For DSPy, LlamaIndex, or CrewAI, follow their standard usage patterns; Langtrace supports them out of the box and can capture traces of:

  • Model calls inside pipelines
  • Tool/function calls
  • Retrieval and vector store interactions
  • Multi-step agent runs

8. Verifying traces in the Langtrace dashboard

Once your app is live and making LLM calls:

  1. Trigger a few requests from your UI, Postman, or curl.
  2. Open your Langtrace dashboard and select the project you created.
  3. You should see:
    • Parent traces for each high-level request (e.g., a chat endpoint or agent run)
    • Child traces for each LLM call, tool invocation, or vector search
    • Metrics such as:
      • Accuracy (e.g., 303 evaluations)
      • Token cost (e.g., $6,200 over a $10,000 budget)
      • Inference latency (e.g., 75 ms average, max 120 ms)
    • Trends over time as you deploy changes

Langtrace gives you everything you need out of the box to understand and improve your LLM app:

  • Track vital metrics (token cost, latency, error rate)
  • Monitor quality (accuracy, regression after releases)
  • Stay within budgets and SLAs

9. Best practices for TypeScript/Node integration

To get the most value from Langtrace in a TypeScript/Node app (Express or Next.js), keep these tips in mind:

  • Centralize initialization
    Initialize Langtrace once in a shared module that runs on the server startup, not per request.

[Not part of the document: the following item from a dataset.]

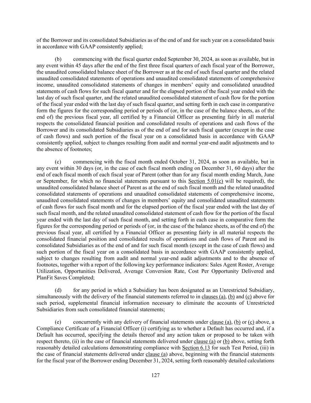 127 of the Borrower and its consolidated Subsidiaries as of the end of and for such year on a consolidated basis in accordance with GAAP consistently applied; (b) commencing with the fiscal quarter ended September 30, 2024, as soon as available, but in any event within 45 days after the end of the first three fiscal quarters of each fiscal year of the Borrower, the unaudited consolidated balance sheet of the Borrower as at the end of such fiscal quarter and the related unaudited consolidated statements of operations and unaudited consolidated statements of comprehensive income, unaudited consolidated statements of changes in members’ equity and consolidated unaudited statements of cash flows for such fiscal quarter and for the elapsed portion of the fiscal year ended with the last day of such fiscal quarter, and the related unaudited consolidated statement of cash flow for the portion of the fiscal year ended with the last day of such fiscal quarter, and setting forth in each case in comparative form the figures for the corresponding period or periods of (or, in the case of the balance sheets, as of the end of) the previous fiscal year, all certified by a Financial Officer as presenting fairly in all material respects the consolidated financial position and consolidated results of operations and cash flows of the Borrower and its consolidated Subsidiaries as of the end of and for such fiscal quarter (except in the case of cash flows) and such portion of the fiscal year on a consolidated basis in accordance with GAAP consistently applied, subject to changes resulting from audit and normal year-end audit adjustments and to the absence of footnotes; (c) commencing with the fiscal month ended October 31, 2024, as soon as available, but in any event within 30 days (or, in the case of each fiscal month ending on December 31, 60 days) after the end of each fiscal month of each fiscal year of Parent (other than for any fiscal month ending March, June or September, for which no financial statements pursuant to this Section 5.01(c) will be required), the unaudited consolidated balance sheet of Parent as at the end of such fiscal month and the related unaudited consolidated statements of operations and unaudited consolidated statements of comprehensive income, unaudited consolidated statements of changes in members’ equity and consolidated unaudited statements of cash flows for such fiscal month and for the elapsed portion of the fiscal year ended with the last day of such fiscal month, and the related unaudited consolidated statement of cash flow for the portion of the fiscal year ended with the last day of such fiscal month, and setting forth in each case in comparative form the figures for the corresponding period or periods of (or, in the case of the balance sheets, as of the end of) the previous fiscal year, all certified by a Financial Officer as presenting fairly in all material respects the consolidated financial position and consolidated results of operations and cash flows of Parent and its consolidated Subsidiaries as of the end of and for such fiscal month (except in the case of cash flows) and such portion of the fiscal year on a consolidated basis in accordance with GAAP consistently applied, subject to changes resulting from audit and normal year-end audit adjustments and to the absence of footnotes, together with a report of the following key performance indicators: Sales Agent Roster, Average Utilization, Opportunities Delivered, Average Conversion Rate, Cost Per Opportunity Delivered and PlanFit Saves Completed; (d) for any period in which a Subsidiary has been designated as an Unrestricted Subsidiary, simultaneously with the delivery of the financial statements referred to in clauses (a), (b) and (c) above for such period, supplemental financial information necessary to eliminate the accounts of Unrestricted Subsidiaries from such consolidated financial statements; (e) concurrently with any delivery of financial statements under clause (a), (b) or (c) above, a Compliance Certificate of a Financial Officer (i) certifying as to whether a Default has occurred and, if a Default has occurred, specifying the details thereof and any action taken or proposed to be taken with respect thereto, (ii) in the case of financial statements delivered under clause (a) or (b) above, setting forth reasonably detailed calculations demonstrating compliance with Section 6.13 for such Test Period, (iii) in the case of financial statements delivered under clause (a) above, beginning with the financial statements for the fiscal year of the Borrower ending December 31, 2024, setting forth reasonably detailed calculations

  • Use environment variables
    Never hardcode your Langtrace API key. Use .env and keep it out of version control.

  • Add context to traces
    Where Langtrace supports it, pass metadata such as:

    • userId
    • requestId
    • route or featureName
    • experimentVariant

    This makes it easier to slice metrics by user cohort, feature, or A/B test group.

  • Trace all critical LLM calls
    Make sure every major LLM interaction (chat, RAG responses, agents, tools) passes through code that Langtrace can observe.

  • Monitor before and after releases
    Use the dashboard to compare:

    • Accuracy before vs. after a new prompt or model
    • Cost trends vs. your budget
    • Latency distribution vs. your SLAs

10. Next steps

To continue improving your TypeScript/Node LLM app with Langtrace:

  • Explore the official documentation for the TypeScript SDK.
  • Connect framework integrations (CrewAI, DSPy, LlamaIndex, LangChain) used in your app.
  • Join the Langtrace Discord community to ask integration questions and learn from other users.

Once you’ve wired Langtrace into your Express or Next.js app, every LLM call becomes observable: you can see what’s happening, how much it costs, and how well it’s working—making it far easier to debug, optimize, and scale your AI features.